Source records
--- --- ---

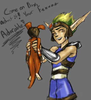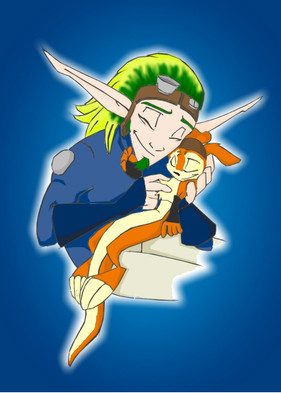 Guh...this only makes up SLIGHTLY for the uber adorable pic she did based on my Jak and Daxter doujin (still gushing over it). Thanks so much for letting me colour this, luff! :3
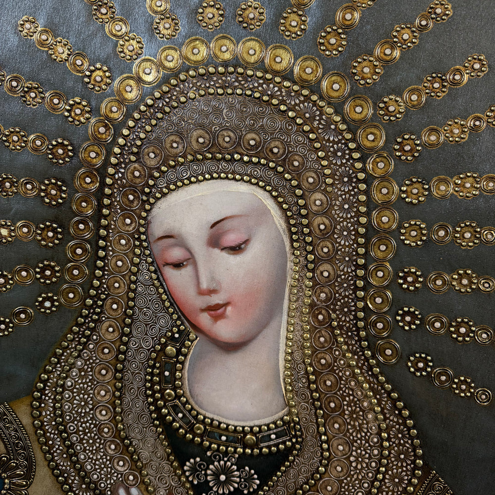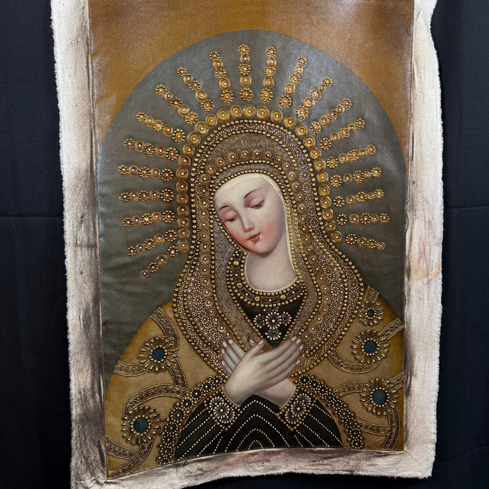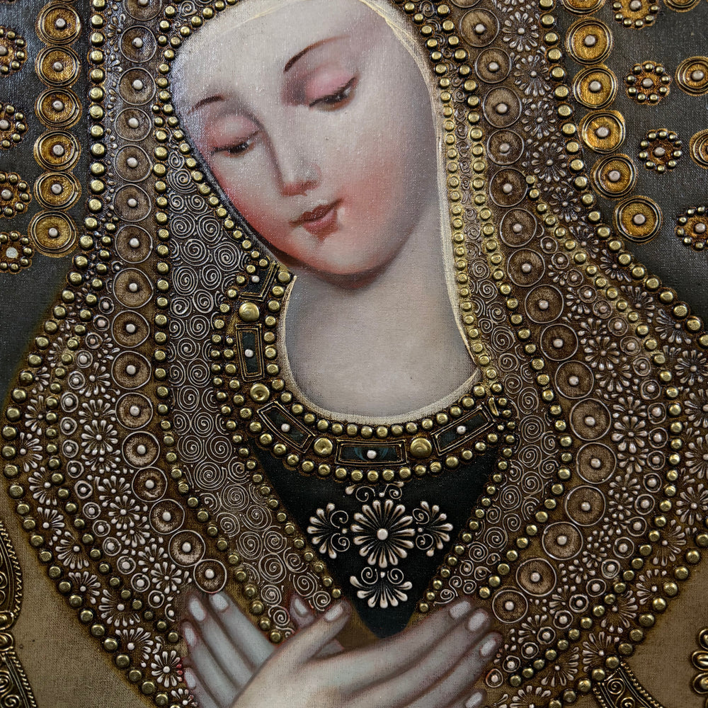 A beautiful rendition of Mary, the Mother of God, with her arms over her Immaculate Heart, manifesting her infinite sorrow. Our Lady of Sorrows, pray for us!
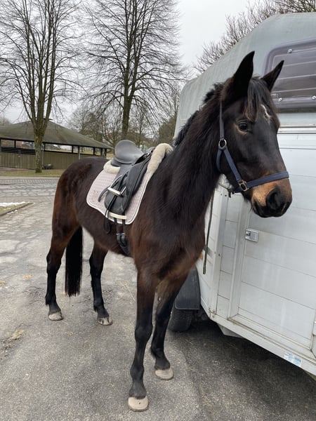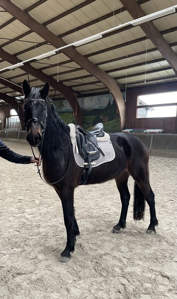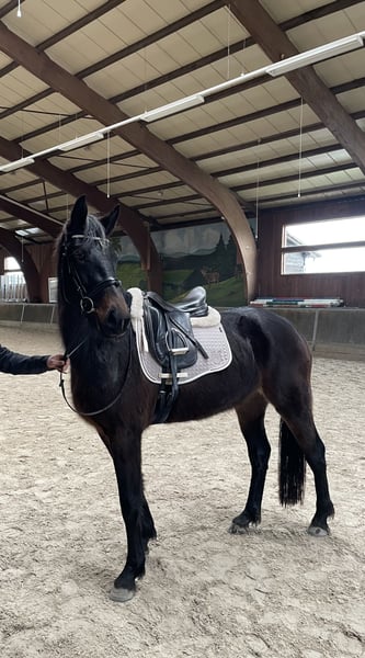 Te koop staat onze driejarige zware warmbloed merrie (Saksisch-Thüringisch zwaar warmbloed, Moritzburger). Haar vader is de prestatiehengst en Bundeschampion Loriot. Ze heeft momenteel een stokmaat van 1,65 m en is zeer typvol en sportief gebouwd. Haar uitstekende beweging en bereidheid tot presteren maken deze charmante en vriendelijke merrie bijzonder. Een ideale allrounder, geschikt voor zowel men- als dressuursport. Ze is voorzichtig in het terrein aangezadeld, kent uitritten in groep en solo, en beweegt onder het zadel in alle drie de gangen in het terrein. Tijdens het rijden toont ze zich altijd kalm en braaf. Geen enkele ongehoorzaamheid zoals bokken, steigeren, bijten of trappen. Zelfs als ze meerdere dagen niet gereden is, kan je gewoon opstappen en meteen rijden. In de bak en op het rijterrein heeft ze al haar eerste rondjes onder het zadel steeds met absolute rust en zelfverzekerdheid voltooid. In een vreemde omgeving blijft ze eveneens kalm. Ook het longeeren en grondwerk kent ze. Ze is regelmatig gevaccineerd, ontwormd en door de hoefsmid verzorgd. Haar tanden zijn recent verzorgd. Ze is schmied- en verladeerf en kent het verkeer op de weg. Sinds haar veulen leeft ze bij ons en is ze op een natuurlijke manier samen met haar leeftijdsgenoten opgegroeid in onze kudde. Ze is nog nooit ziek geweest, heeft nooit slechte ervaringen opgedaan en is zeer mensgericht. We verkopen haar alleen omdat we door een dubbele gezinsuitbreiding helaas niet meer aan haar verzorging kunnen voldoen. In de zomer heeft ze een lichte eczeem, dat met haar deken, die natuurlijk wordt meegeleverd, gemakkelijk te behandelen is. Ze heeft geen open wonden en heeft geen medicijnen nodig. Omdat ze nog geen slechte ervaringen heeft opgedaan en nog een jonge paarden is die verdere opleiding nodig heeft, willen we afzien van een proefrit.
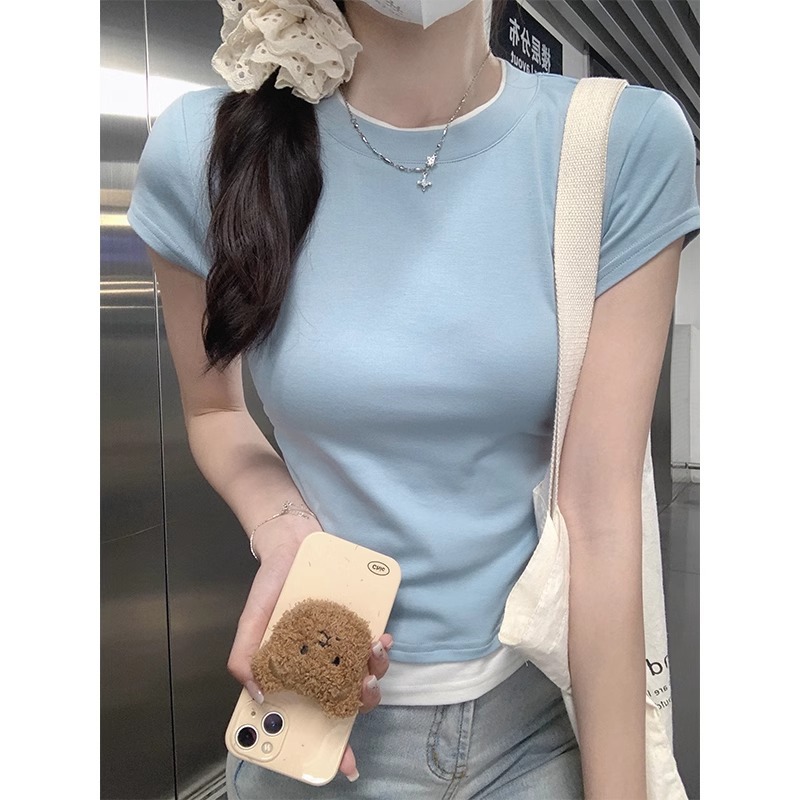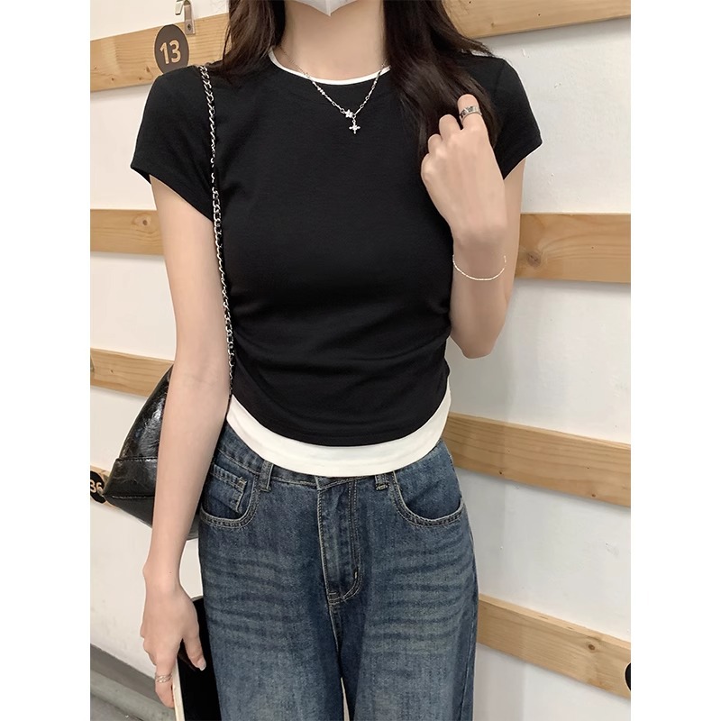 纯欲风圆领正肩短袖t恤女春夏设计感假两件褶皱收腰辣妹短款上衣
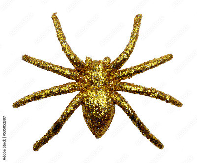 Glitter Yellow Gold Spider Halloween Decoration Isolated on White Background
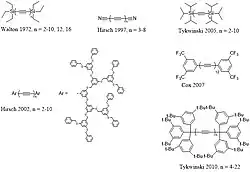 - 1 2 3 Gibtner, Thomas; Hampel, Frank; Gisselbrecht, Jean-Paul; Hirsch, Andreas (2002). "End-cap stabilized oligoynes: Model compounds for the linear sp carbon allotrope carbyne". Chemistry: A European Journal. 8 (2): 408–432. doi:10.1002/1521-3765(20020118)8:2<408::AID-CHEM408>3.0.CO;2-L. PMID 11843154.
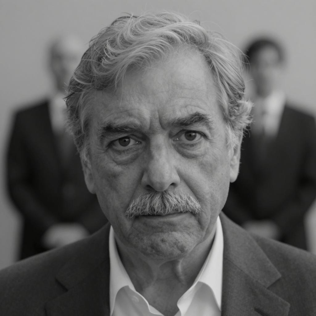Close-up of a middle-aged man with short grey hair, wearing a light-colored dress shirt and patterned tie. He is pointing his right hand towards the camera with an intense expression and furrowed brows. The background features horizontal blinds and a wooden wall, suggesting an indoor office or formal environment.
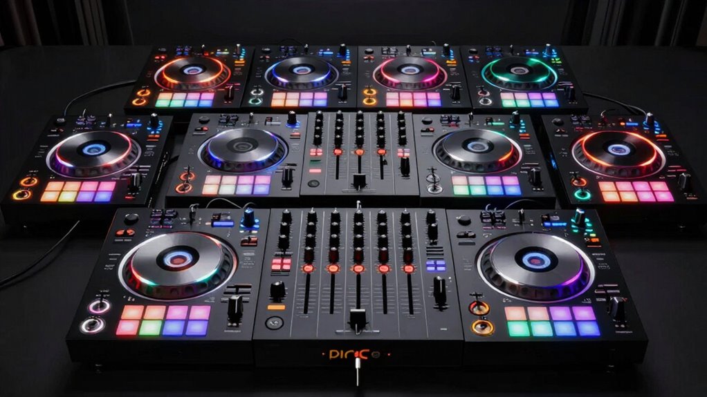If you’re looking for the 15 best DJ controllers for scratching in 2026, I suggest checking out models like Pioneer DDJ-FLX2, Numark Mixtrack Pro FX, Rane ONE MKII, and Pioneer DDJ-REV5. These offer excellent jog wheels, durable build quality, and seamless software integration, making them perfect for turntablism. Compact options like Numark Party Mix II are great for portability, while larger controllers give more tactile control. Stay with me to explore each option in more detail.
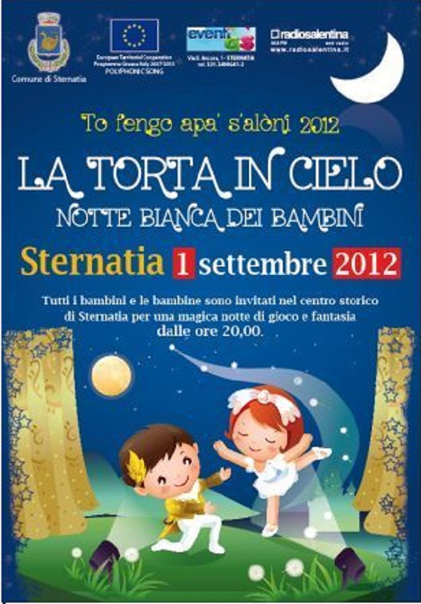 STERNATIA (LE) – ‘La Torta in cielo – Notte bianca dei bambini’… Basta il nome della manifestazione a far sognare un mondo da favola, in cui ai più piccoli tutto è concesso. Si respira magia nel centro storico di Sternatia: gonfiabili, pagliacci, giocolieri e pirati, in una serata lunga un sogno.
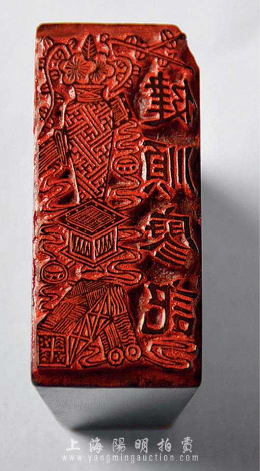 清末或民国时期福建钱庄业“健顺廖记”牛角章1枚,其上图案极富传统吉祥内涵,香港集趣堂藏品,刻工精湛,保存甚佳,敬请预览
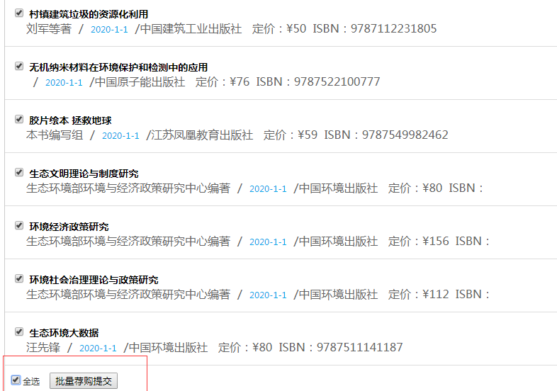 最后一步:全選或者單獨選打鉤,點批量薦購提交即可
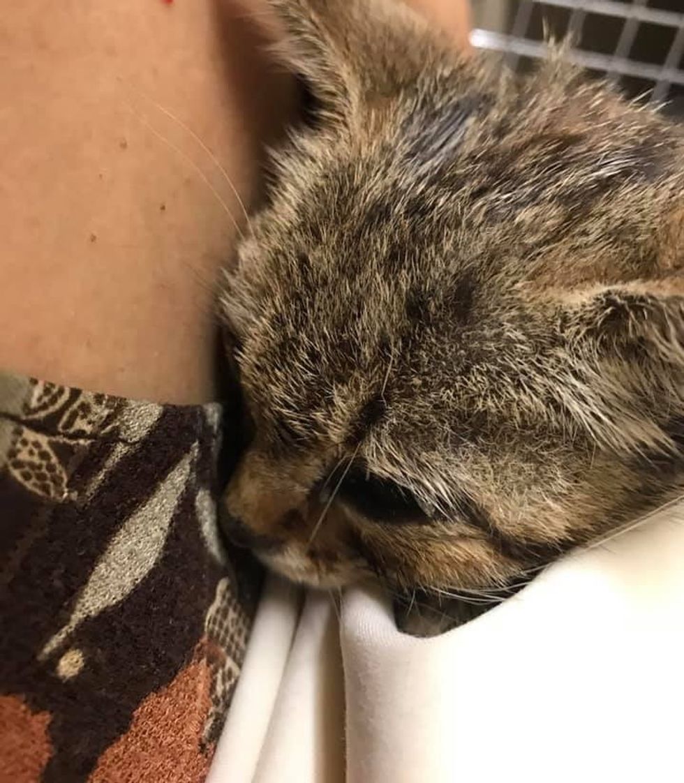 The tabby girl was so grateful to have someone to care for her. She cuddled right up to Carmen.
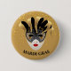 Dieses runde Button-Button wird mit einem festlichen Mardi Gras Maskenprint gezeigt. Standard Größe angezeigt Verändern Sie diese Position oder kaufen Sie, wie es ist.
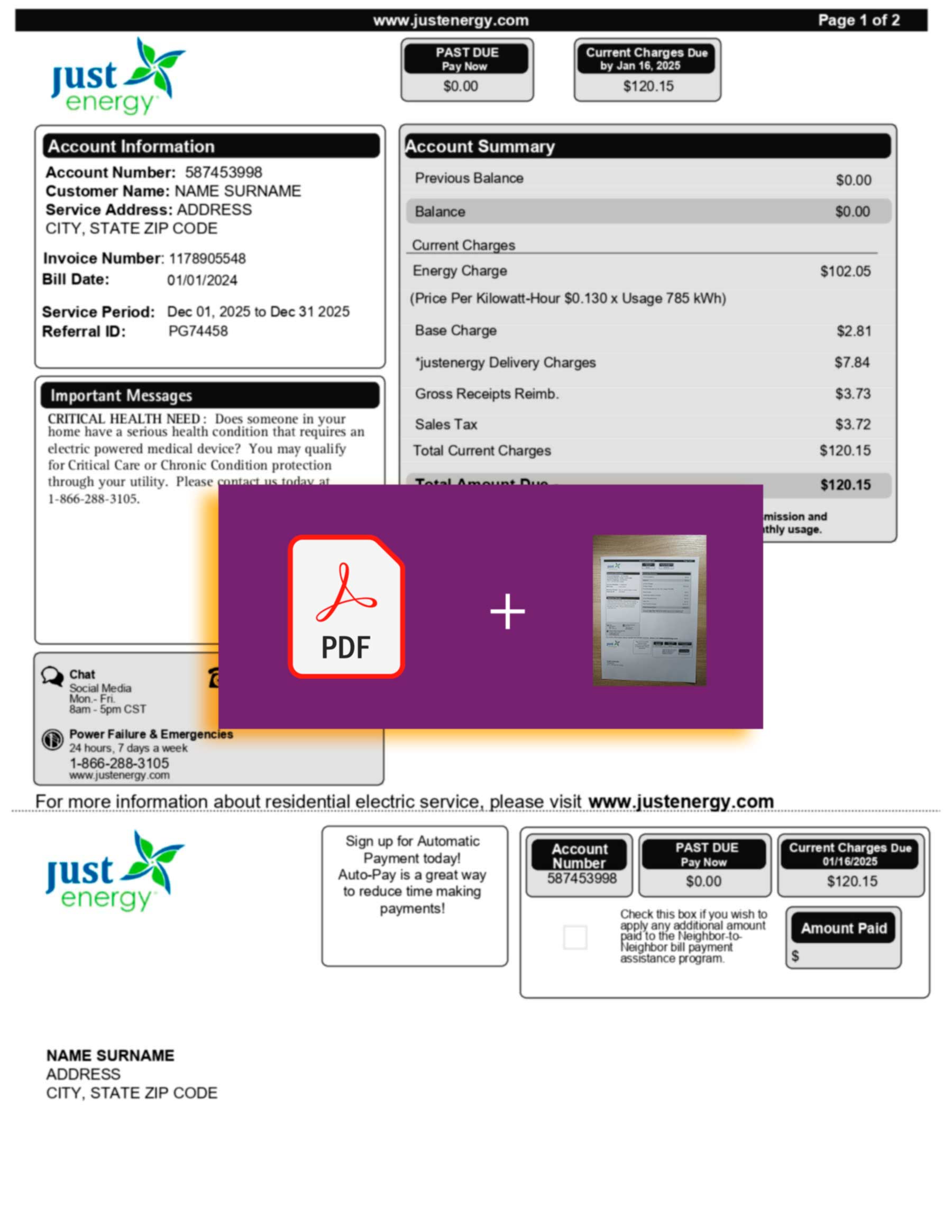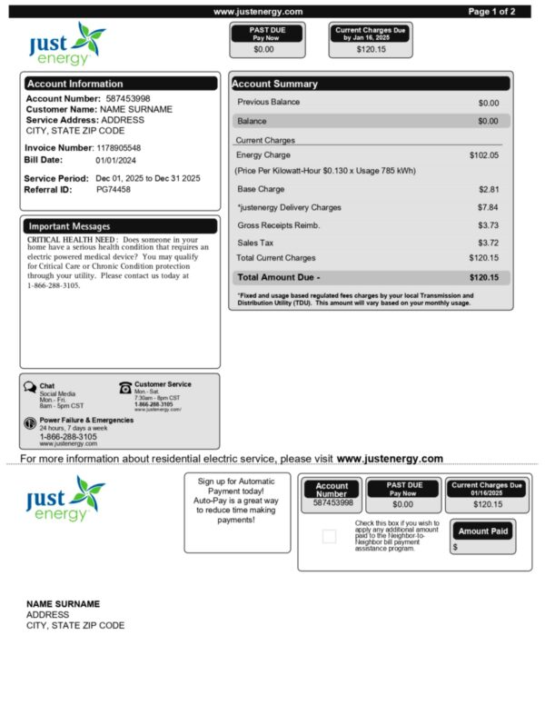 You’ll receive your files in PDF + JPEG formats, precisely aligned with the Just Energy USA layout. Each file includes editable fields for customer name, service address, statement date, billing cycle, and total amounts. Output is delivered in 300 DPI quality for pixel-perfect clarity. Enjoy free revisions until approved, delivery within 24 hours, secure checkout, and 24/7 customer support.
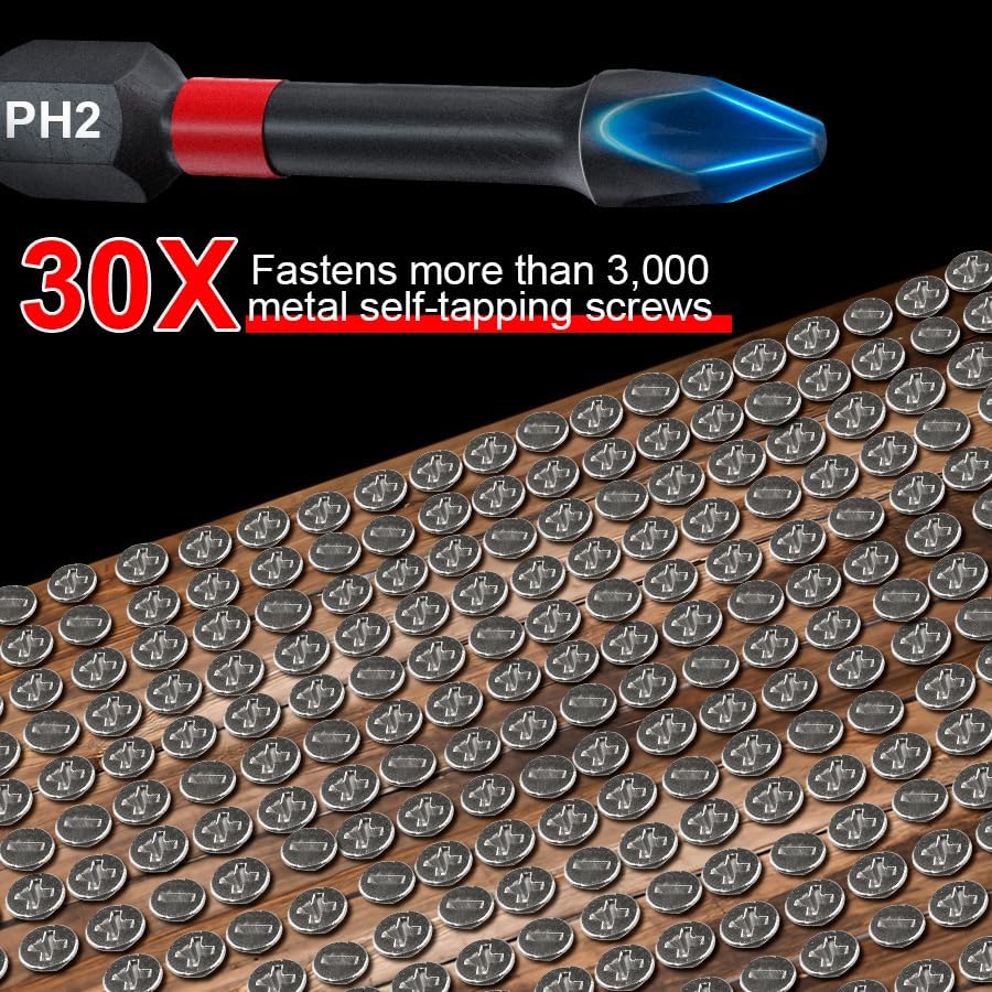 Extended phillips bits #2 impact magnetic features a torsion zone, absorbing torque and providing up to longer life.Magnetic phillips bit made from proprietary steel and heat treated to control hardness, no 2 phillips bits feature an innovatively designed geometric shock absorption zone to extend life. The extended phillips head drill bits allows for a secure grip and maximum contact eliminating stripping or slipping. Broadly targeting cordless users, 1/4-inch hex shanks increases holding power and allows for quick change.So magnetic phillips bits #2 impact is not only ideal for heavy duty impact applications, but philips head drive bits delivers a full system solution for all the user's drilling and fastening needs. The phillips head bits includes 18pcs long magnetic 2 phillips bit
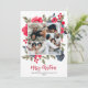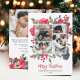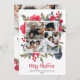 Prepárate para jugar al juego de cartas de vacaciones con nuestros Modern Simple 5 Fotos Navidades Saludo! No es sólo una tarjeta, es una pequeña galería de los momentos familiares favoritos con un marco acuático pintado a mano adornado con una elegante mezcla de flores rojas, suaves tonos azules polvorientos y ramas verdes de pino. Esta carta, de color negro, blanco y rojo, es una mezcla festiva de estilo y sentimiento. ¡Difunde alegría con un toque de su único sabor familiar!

--- --- ---

[WHAT YOU HAVE TO DO]
Write back word for word every line in the entries above from the one with "STERNATIA (LE) –" to the one with "You’ll receive your", ends included, and none of the pictures.

[REPLY]
 STERNATIA (LE) – ‘La Torta in cielo – Notte bianca dei bambini’… Basta il nome della manifestazione a far sognare un mondo da favola, in cui ai più piccoli tutto è concesso. Si respira magia nel centro storico di Sternatia: gonfiabili, pagliacci, giocolieri e pirati, in una serata lunga un sogno.
 清末或民国时期福建钱庄业“健顺廖记”牛角章1枚,其上图案极富传统吉祥内涵,香港集趣堂藏品,刻工精湛,保存甚佳,敬请预览
 最后一步:全選或者單獨選打鉤,點批量薦購提交即可
 The tabby girl was so grateful to have someone to care for her. She cuddled right up to Carmen.
 Dieses runde Button-Button wird mit einem festlichen Mardi Gras Maskenprint gezeigt. Standard Größe angezeigt Verändern Sie diese Position oder kaufen Sie, wie es ist.
 You’ll receive your files in PDF + JPEG formats, precisely aligned with the Just Energy USA layout. Each file includes editable fields for customer name, service address, statement date, billing cycle, and total amounts. Output is delivered in 300 DPI quality for pixel-perfect clarity. Enjoy free revisions until approved, delivery within 24 hours, secure checkout, and 24/7 customer support.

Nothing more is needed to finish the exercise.